Pair of Olympians, including former SBHS star Kami Craig, empower young crowd at National Girls and Women in Sports Day Luncheon
Kami Craig remembers a time when she had to wear the hand-me-downs from the boys water polo team.
Board shorts and polos as the official issued gear — not the ideal look for a strong and fierce young woman that would go on to be a three-time Olympian, complete with two women’s water polo gold medals.
“Change is happening,” said Ms. Craig, a former standout for the Santa Barbara High School girls water polo team in the early 2000s.
“Women’s sports weren’t known how to be handled in that space. It was like, ‘Just give them the boys leftover gear.’ It’s not even about recognition, it’s about the space to be a female athlete.”
Ms. Craig joined fellow Olympian Caroline Burckle on Monday at the National Girls and Women in Sports Day Luncheon at Earl Warren Showgrounds, where the pair relayed a strong message of unity and empowerment to a crowd of more than 500, the bulk a captive audience of local female student athletes.
“It was impactful for us to feel that energy from them,” said Ms. Burckle, a bronze medalist in the 4×200 freestyle relay at the 2008 Beijing Games.”They all have goals and things they want to achieve. You can feel that. We want to help.”

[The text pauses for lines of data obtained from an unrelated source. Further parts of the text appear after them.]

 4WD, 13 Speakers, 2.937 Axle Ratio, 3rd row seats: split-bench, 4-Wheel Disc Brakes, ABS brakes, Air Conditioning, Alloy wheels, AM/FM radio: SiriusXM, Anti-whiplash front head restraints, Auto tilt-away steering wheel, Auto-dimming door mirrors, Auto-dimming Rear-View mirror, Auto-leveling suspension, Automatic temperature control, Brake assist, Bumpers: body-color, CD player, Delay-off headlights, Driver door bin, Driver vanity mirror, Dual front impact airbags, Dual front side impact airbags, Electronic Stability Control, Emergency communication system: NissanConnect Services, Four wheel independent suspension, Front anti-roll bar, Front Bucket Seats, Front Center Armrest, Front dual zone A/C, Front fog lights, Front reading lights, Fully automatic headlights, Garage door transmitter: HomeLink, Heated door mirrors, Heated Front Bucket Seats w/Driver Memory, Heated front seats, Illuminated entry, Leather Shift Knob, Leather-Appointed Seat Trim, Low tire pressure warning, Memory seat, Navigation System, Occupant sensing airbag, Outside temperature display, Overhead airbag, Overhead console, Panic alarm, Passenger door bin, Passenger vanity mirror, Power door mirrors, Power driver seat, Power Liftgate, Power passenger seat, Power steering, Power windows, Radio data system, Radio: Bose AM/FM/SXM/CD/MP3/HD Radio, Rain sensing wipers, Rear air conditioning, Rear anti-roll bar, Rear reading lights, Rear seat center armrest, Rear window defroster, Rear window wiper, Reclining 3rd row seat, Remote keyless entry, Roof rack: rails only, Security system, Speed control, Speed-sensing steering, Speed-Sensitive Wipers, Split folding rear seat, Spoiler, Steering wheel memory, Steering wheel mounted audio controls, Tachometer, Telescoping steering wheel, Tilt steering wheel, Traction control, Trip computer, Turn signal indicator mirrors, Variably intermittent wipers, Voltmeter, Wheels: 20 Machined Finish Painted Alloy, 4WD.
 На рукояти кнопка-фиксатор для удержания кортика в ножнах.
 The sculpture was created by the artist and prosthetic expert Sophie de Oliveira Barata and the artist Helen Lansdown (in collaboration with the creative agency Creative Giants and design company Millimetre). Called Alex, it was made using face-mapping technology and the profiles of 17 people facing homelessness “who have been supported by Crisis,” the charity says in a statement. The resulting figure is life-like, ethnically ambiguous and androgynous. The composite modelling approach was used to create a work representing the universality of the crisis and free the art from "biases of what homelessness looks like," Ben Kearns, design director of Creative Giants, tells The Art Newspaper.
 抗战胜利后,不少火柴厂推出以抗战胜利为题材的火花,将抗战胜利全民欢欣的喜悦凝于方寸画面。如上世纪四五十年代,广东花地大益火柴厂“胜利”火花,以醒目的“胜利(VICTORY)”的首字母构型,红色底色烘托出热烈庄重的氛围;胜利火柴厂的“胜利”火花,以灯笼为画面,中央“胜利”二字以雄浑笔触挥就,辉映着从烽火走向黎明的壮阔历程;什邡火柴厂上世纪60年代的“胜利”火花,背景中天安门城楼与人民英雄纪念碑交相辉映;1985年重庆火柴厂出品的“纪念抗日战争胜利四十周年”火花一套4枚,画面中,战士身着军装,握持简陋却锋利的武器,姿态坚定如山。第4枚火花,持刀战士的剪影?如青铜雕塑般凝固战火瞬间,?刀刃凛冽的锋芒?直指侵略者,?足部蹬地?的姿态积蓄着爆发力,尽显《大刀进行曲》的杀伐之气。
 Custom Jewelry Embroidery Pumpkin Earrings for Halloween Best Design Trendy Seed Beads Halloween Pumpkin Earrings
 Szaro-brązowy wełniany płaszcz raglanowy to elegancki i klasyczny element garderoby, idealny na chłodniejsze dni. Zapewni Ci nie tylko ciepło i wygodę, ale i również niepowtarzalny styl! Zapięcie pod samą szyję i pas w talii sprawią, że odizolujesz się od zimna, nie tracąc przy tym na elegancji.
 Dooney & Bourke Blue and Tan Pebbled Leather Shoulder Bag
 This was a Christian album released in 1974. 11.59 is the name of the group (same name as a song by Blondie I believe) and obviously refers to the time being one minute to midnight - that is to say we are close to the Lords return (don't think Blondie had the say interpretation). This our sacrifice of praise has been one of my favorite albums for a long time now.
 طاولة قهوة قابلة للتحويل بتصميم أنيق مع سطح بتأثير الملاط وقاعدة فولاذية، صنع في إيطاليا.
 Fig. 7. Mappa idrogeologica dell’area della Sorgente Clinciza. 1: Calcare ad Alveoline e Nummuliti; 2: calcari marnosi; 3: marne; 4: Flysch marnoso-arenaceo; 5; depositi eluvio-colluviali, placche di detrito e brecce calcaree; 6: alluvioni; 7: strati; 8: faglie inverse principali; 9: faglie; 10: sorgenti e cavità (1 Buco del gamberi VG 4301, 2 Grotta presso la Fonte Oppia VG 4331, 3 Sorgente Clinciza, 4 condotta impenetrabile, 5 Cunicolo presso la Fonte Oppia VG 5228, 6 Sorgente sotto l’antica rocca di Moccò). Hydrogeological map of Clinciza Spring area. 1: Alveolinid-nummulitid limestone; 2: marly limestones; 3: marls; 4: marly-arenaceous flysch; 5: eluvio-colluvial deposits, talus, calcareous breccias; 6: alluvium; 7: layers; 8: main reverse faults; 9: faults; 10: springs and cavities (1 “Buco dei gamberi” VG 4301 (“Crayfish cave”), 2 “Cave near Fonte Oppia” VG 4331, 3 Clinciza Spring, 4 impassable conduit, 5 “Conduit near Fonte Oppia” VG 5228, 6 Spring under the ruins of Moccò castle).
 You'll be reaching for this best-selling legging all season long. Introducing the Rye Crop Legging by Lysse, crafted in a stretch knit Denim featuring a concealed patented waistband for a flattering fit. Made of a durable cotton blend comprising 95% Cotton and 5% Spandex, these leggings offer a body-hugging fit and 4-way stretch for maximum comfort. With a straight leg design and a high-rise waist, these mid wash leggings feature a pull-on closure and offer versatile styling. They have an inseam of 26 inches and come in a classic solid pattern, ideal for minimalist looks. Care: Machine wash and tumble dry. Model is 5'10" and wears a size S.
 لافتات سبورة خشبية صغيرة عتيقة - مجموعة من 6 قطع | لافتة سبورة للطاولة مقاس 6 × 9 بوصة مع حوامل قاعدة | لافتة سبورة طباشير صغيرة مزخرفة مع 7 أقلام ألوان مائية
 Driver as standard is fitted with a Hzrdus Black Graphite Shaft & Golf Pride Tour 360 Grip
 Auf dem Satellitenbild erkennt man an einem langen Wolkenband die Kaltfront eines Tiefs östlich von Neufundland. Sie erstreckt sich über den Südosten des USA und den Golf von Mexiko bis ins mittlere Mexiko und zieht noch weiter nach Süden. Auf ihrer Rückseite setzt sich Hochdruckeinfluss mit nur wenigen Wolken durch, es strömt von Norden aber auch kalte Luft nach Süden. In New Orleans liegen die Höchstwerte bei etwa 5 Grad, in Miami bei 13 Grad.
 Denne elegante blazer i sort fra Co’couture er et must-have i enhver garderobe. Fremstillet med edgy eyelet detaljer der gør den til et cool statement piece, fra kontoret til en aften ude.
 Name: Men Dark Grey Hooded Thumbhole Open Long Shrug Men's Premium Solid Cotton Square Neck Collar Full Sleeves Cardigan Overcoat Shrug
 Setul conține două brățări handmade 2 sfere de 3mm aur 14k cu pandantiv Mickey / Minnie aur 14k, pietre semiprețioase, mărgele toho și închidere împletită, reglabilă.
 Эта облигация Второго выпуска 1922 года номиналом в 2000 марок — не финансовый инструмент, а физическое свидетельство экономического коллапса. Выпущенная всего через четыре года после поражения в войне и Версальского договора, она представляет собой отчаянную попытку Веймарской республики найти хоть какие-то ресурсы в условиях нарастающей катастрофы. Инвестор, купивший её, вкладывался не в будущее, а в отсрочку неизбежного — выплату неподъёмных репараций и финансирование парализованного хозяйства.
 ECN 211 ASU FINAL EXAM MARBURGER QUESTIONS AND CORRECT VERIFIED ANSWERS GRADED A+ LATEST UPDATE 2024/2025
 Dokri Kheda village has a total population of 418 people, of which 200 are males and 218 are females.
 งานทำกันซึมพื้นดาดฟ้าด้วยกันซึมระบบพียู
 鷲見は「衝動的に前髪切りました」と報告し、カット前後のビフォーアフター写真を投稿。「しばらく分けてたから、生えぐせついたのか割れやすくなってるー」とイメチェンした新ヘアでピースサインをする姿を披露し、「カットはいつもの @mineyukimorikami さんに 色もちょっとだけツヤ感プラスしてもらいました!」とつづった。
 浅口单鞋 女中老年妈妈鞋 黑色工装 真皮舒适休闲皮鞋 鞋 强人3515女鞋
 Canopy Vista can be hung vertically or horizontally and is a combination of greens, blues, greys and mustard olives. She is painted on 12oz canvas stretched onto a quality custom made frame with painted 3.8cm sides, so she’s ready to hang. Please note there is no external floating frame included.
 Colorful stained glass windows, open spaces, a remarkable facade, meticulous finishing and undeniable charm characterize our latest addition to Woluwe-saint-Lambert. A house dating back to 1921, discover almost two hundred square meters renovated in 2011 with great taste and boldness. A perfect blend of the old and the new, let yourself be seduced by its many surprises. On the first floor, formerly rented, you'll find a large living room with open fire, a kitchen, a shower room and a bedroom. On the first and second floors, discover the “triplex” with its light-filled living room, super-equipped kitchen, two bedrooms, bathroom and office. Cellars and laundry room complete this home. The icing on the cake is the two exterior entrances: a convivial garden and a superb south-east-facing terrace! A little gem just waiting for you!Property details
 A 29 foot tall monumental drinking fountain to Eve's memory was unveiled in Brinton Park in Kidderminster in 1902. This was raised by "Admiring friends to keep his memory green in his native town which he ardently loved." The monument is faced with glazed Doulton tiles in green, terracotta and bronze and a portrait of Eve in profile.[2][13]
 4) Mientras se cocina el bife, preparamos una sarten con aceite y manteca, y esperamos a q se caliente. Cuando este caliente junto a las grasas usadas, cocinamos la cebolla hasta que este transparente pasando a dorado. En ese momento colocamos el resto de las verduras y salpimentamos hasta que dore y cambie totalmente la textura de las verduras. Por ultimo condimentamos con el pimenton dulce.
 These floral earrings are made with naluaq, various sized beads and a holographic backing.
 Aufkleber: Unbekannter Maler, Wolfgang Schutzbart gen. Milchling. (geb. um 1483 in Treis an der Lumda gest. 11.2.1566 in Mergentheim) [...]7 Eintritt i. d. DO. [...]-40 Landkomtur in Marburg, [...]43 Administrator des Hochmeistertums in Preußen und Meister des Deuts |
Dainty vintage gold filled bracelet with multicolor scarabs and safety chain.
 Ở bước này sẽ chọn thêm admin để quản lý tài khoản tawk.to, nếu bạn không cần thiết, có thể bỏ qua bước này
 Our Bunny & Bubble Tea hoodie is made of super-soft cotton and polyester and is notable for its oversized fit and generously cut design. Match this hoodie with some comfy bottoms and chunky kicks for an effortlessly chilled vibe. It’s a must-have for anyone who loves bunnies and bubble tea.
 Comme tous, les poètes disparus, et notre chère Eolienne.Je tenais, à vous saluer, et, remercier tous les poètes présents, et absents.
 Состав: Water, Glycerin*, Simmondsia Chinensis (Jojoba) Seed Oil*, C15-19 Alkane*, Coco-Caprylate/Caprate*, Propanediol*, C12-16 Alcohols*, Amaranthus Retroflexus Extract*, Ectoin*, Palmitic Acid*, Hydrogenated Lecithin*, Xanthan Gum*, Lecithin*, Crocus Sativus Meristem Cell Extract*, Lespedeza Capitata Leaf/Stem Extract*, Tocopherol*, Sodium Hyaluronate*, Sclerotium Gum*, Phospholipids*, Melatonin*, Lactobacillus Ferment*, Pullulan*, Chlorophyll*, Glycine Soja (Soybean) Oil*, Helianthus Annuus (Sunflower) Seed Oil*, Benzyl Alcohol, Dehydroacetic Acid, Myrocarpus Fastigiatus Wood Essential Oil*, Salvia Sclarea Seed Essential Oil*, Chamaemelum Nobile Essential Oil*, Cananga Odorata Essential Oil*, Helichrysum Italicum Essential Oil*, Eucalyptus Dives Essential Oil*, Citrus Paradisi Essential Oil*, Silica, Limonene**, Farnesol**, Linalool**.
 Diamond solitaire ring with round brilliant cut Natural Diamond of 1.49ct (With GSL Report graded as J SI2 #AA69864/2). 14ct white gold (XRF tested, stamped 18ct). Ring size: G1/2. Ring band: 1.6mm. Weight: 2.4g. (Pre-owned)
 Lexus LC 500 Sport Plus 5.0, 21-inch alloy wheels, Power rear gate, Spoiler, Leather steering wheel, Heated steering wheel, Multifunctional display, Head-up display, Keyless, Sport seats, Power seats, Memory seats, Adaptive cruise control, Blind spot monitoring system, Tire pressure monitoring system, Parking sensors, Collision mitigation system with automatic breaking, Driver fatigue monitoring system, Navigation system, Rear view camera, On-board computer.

Ms. Craig and Ms. Burckle represented RISE Athletes, an organization that aligns former Olympic athletes with up-and-coming teenagers looking for a competitive edge, primarily through sports psychology and focusing on being present in one’s journey to the “podium they want to find.”
Ms. Craig, who starred in the 2008, 2012 and 2016 Olympics and retired as one of the most decorated Olympians in South Coast history, even points to RISE in turning around her own retirement.
Immediately following her departure from the U.S. National Team, Ms. Craig found herself doing outside sales for nearly a year — a year that had success, but not for her soul.
She had more to give. Not just to female athletes — to all athletes.
“(RISE) has given me full purpose again,” Ms. Craig said. “It would be a shame after 25 years of playing at team sport — 13 years at the highest level — to sit on that knowledge.
“The (RISE) service is providing what my significance is at this point — instilling confidence, making connections and instilling belief.”
In terms of credibility and attention, both Ms. Craig and Mr. Burckle agree that women’s sports have had a significant gap to make up for, but that steady progress is being made.
During Monday’s Q-and-A session with host Catherine Remak, Ms. Craig and Ms. Burckle both spoke to the cumulative effect that simply showing up and competing has on continuing to erase inequality and put the focus back on the athletic prowess that women have all over the world.
“(Young female athletes) don’t have to take on the pressure of equality in sports. They don’t have to wear that hat. They simply have to go out and be themselves and compete,” Ms. Craig told the News-Press. “Commit to the process and trust the process. It just takes simple willingness to be there that will continue to move the needle.”
In a revealing moment Monday, Ms. Craig openly talked about her own obstacles of both dyslexia and attention-deficit disorder. Her parents combatted her overactivity by getting Ms. Craig into the pool at the age of 3, a place where she immediately felt like she “could be herself.”
Dealing with dyslexia presented a unique situation for Ms. Craig when she eventually moved to water polo in the eighth grade. As sitting down with a playbook wasn’t effective, she had to learn differently than the rest, learning visually and through repetition in the pool.
But she says that made her a stronger person, learning to effectively communicate effectively and overcome adversity.
“We all have areas in our lives that we need more support in. So how do we communicate that, how do we advocate for ourselves? Speak up when we need something,” said Ms. Craig, a USC alum who is the first person in her family to attend and graduate college.
“I challenge you guys to think about where those weaknesses are for you and how people can support you to get to that next level and have the courage to ask for that help.”
Ms. Burckle struggled with her confidence initially, making Junior Nationals as a 13-year-old but refusing to attend the first race. She pointed to a coach who refused to guilt her into going, but pushed her in between meets to believe in her talent and how it could be realized.
“You have to challenge yourself in ways that you aren’t comfortable with,” said Ms. Burckle, who was also an NCAA champion at the University of Florida. “At some point, you have to put yourself in an uncomfortable situation in order to succeed.”
While both have seen the pinnacle of athletics by reaching the podium at an Olympics, Ms. Craig was humbled to be able to return home to a stage that could have a more lasting impact.
“If there is one kid out here that took something away from this today, we’ve done our job,” Ms. Craig said. “It’s a success. This stage is invaluable. It’s priceless to be up here and share this message about something we believe.”
In this case, the hand-me-down knowledge is one size fits all.